There are two primary approaches to multi-tenancy in Kubernetes:

  • Namespace-based isolation (Soft Multi-tenancy): Separate tenants into different namespaces. Enforce security and resource usage limits using:
    • Role-Based Access Control (RBAC): Control permissions
    • Resource Quotas: Set limits on CPU, memory, and storage per namespace.
    • Network Policies: Restricting network traffic between namespaces.
  • Cluster-based isolation (Hard Multi-tenancy): Each tenant gets a dedicated Kubernetes cluster. Pros: Strong isolation, avoids noisy neighbor problems. Cons: Increased management overhead.

Use Cases:

  • SaaS Providers: Often use namespace-based isolation to run multiple clients on shared infrastructure.
  • Highly Regulated Environments: Cluster-based isolation may be mandated if strong security boundaries are required.


  • In namespace-based multi-tenancy, define two namespaces, “tenant-a” and “tenant-b,” and isolate resources and permissions using RBAC, Resource Quotas, and Network Policies.

Q.54 What is the difference between a Kubernetes job and a Kubernetes CronJob?

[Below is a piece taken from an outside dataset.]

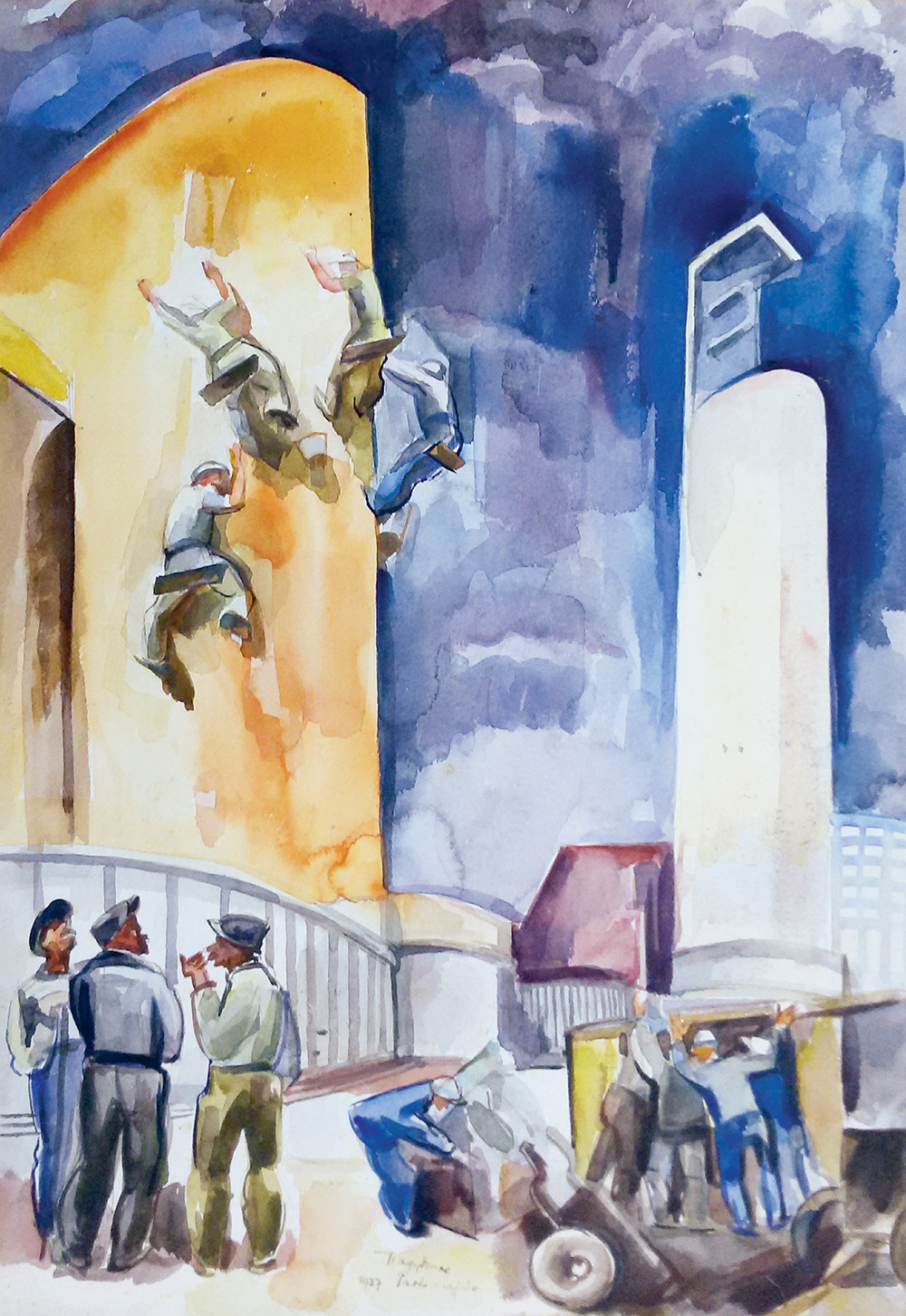 Csíki Székely Múzeum, Csíkszereda, ltsz.: 1188[/caption] Nagy Imre képi jegyzetein legalább annyira fontos a munkások karakterének, mozgásának megjelenítése, mint az épületek részletei, s valószínűleg inkább határidők feszessége okozhatta az ellenérzést a gondtalanul festegető idegen iránt. Az európai pavilonok többségét az akkori sztárépítészek – az olaszt Marcello Piacentini, a németet Albert Speer – tervezték a vasbeton moder- nizmus jegyében, természetesen különféle nemzeti jelvényekkel és jelképekkel felékesítve. Nagy Imre akvarelljein az Eiffel-torony árnyékában előtűnik a német és a szovjet pavilon (Borisz Iofan) Vera Muhina Munkás és kolhozparasztnő lendületes párosával, a román épület íves-oszlopos bejárata (Duiliu Marcu) és a Pont d’Iena egyik lovasa mögött Nagy-Britannia pavilonja (Oliver Hill). Csak egy képen ismerünk rá a Muhina-szobor háttérében a magyar épület jelképes templomtornyára (Györgyi Dénes). Szücs György

  • Kubernetes Job: Designed to run a task or workload to completion once. The Job controller ensures Pods run successfully through completion.
  • Kubernetes CronJob: Designed for running recurring tasks on a defined schedule (similar to traditional cron). It creates Jobs according to the schedule you provide.

Use Cases:

  • Jobs: Tasks with a definite start and end like batch processing, database cleanup, or report generation.
  • CronJobs: Periodic tasks like scheduled backups, log rotation, or sending email notifications.


  • Job: Processing a queue of data import tasks.
  • CronJob: Running database clean-up at midnight daily.

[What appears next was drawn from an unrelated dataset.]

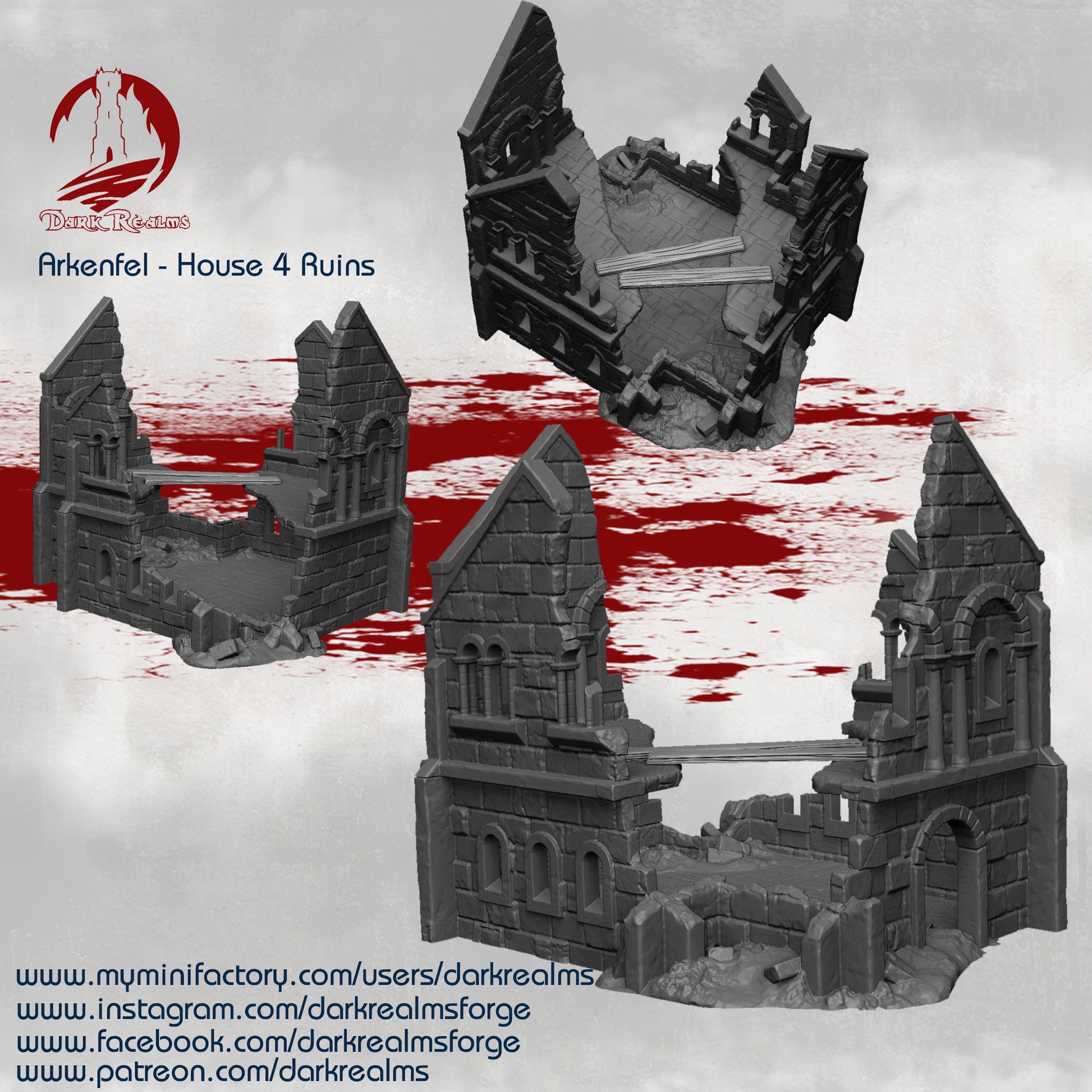 Amplía tu escenario de fantasía con esta Casa 4 de Arkenfel en ruinas, una estructura inspirada en la arquitectura de Gondor, perfecta para representar ciudades asediadas, pueblos abandonados o zonas de conflicto en mundos de fantasía medieval.
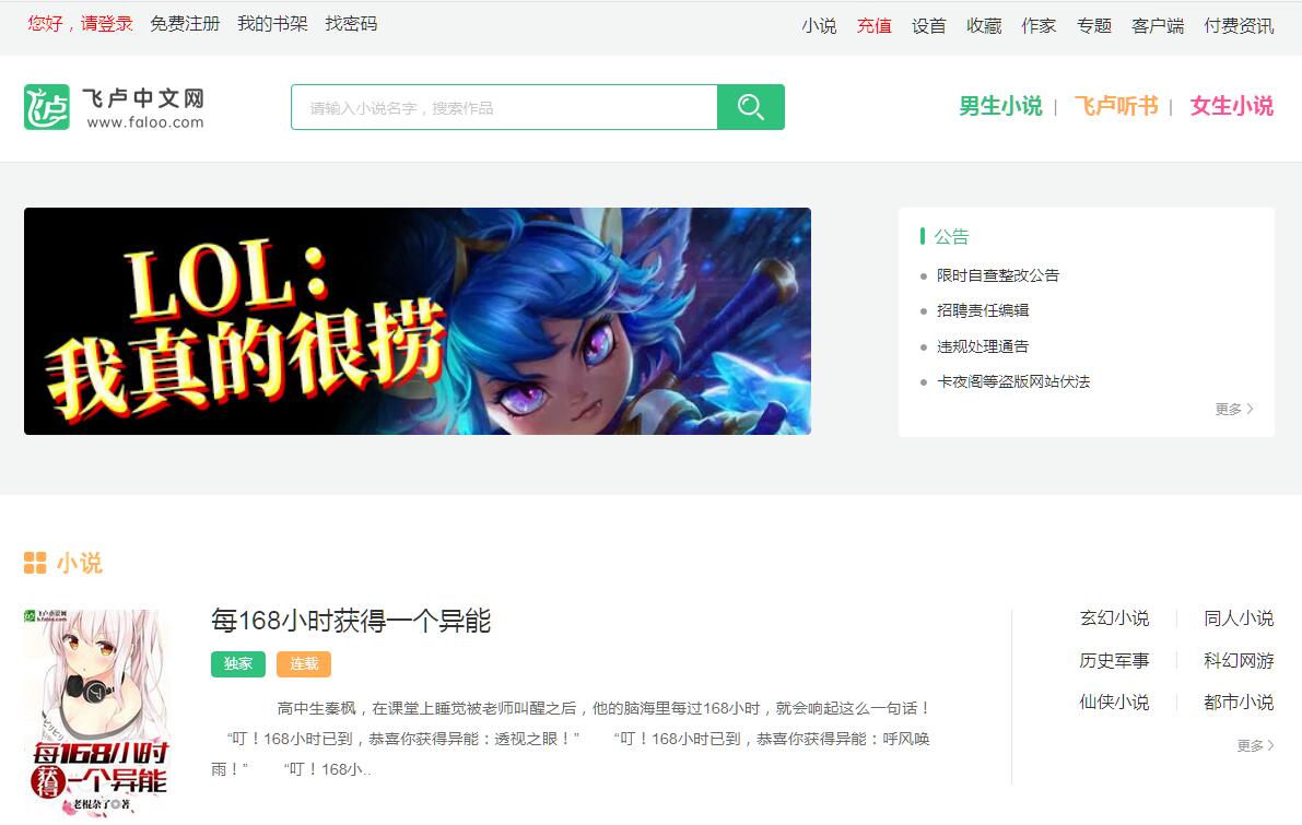 | 网站简介: 《飞卢中文网》提供原创小说阅读,包括:轻小说,玄幻小说,同人小说,穿越小说、青春校园小说等精彩很Hi的小说在线阅读及小说下载。页面简洁,无眩杂广告。 |

Q.55 How can you achieve high availability for etcd in a Kubernetes control plane?

  • Multiple etcd nodes: Deploy an odd number of etcd replicas (typically 3 or 5) to form a cluster. This tolerates individual node failures while maintaining quorum.
  • Distributed across failure domains: Place etcd nodes across different availability zones or datacenters to increase resilience to wider outages.
  • Load Balancing: Consider a load balancer in front of your etcd cluster for distributing traffic and providing a single point of access.
  • Regular Snapshots/Backups: Have a snapshot process or backup strategy to recover in case of data loss.

Use Cases:

  • Any production Kubernetes cluster: etcd is the backbone of the Kubernetes control plane. Making it highly available is crucial for cluster stability.


  • Three etcd nodes distributed across three availability zones in a cloud environment.

Part 1- Kubernetes Interview Q & A (Q1-Q5)

Part 2- Kubernetes Interview Q & A (Q6-Q10)

Part 3 – Kubernetes Interview Questions & Answers (Q.11 to Q.15)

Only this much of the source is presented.